Top of DATA LISTING

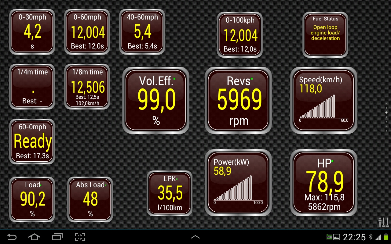 Есть еще оффигеная прога для ELM Harry's GPS LapTimer , в идеале еще иметь 5Мгц GPS модуль и прога на треке будет вести телеметрию, строить траектории , торможения , ускорения, а через ELM показывать, скорость , обороты в апексах , входах, выходах из поворотов , все это снимает встроенной камерой и накладывает на видео графику )
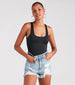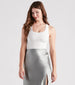 This smooth basic tank top will be a staple in your wardrobe! The crop top features a sleeveless scoop neckline. comfortable tank shoulder straps. a racerback design. and a form-hugging fit. The double-lined stretchy knit fabric offers a seamless design and has an ultra-soft buttery feel. Style with best-selling bottoms and clear heels for a chic look!
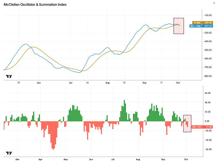 Breadth contraction is following through below the 10dma today, and we see an acceleration in the rate of change as well. (MCC osc)
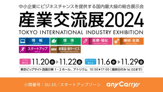 ラストマイル物流に特化した物流ソリューション事業を展開する株式会社エニキャリ(以下当社)は、11月20日(水)から11月22日(金)の3日間、東京ビッグサイト西展示棟で開催される「産業交流展2024」に出展します(小間番号:SU-10)。
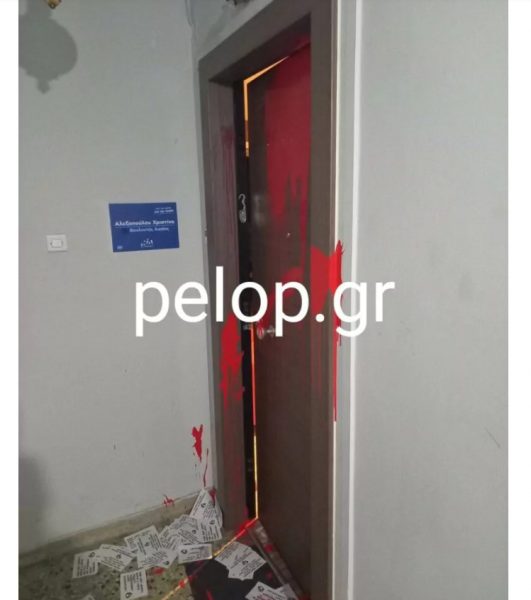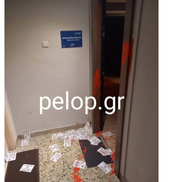 Επίθεση από αντιεξουσιαστές δέχθηκε το γραφείο της βουλεύτριας, Χριστίνας Αλεξοπούλου, στην Πλατεία Γεωργίου στην Πάτρα.

Bottom of DATA LISTING

WHAT YOU NEED TO DO: From the line that contains "ラストマイル物流に特化した物" to the end of the listing, give every line again exactly as written. Leave the pictures out.

TASK ANSWER:
 ラストマイル物流に特化した物流ソリューション事業を展開する株式会社エニキャリ(以下当社)は、11月20日(水)から11月22日(金)の3日間、東京ビッグサイト西展示棟で開催される「産業交流展2024」に出展します(小間番号:SU-10)。
 Επίθεση από αντιεξουσιαστές δέχθηκε το γραφείο της βουλεύτριας, Χριστίνας Αλεξοπούλου, στην Πλατεία Γεωργίου στην Πάτρα.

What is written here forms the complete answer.